» Your goal:
For the material below, the expected output is exactly the lines between the line holding "한국스키장경영협회에 따르면, 2011~2012년" and the line holding "随后,考察团队前往永宁街中心", inclusive, with pictures left out.

» Dataset excerpts:
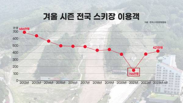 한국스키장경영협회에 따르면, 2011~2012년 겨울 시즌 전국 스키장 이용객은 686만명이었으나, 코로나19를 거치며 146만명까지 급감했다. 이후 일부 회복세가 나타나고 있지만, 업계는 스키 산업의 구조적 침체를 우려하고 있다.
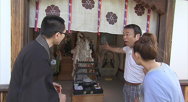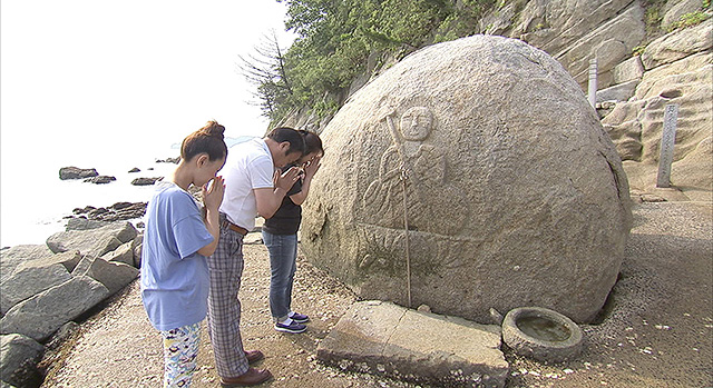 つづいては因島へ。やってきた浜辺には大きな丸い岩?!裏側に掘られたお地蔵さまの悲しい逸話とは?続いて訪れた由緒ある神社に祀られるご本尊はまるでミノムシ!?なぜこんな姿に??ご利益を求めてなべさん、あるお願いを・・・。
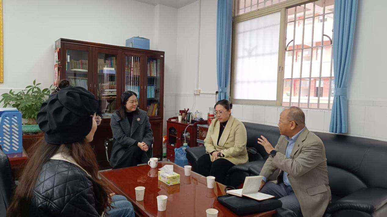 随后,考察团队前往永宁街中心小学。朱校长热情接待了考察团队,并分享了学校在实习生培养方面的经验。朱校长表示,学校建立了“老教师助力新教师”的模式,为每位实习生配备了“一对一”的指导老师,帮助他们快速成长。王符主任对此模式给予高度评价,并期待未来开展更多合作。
==
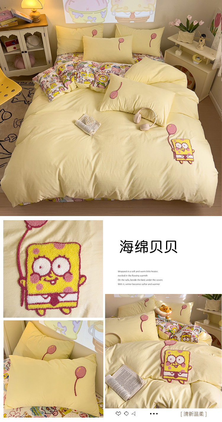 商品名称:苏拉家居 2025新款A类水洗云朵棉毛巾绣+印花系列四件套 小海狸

» Task solution:
 한국스키장경영협회에 따르면, 2011~2012년 겨울 시즌 전국 스키장 이용객은 686만명이었으나, 코로나19를 거치며 146만명까지 급감했다. 이후 일부 회복세가 나타나고 있지만, 업계는 스키 산업의 구조적 침체를 우려하고 있다.
 つづいては因島へ。やってきた浜辺には大きな丸い岩?!裏側に掘られたお地蔵さまの悲しい逸話とは?続いて訪れた由緒ある神社に祀られるご本尊はまるでミノムシ!?なぜこんな姿に??ご利益を求めてなべさん、あるお願いを・・・。
 随后,考察团队前往永宁街中心小学。朱校长热情接待了考察团队,并分享了学校在实习生培养方面的经验。朱校长表示,学校建立了“老教师助力新教师”的模式,为每位实习生配备了“一对一”的指导老师,帮助他们快速成长。王符主任对此模式给予高度评价,并期待未来开展更多合作。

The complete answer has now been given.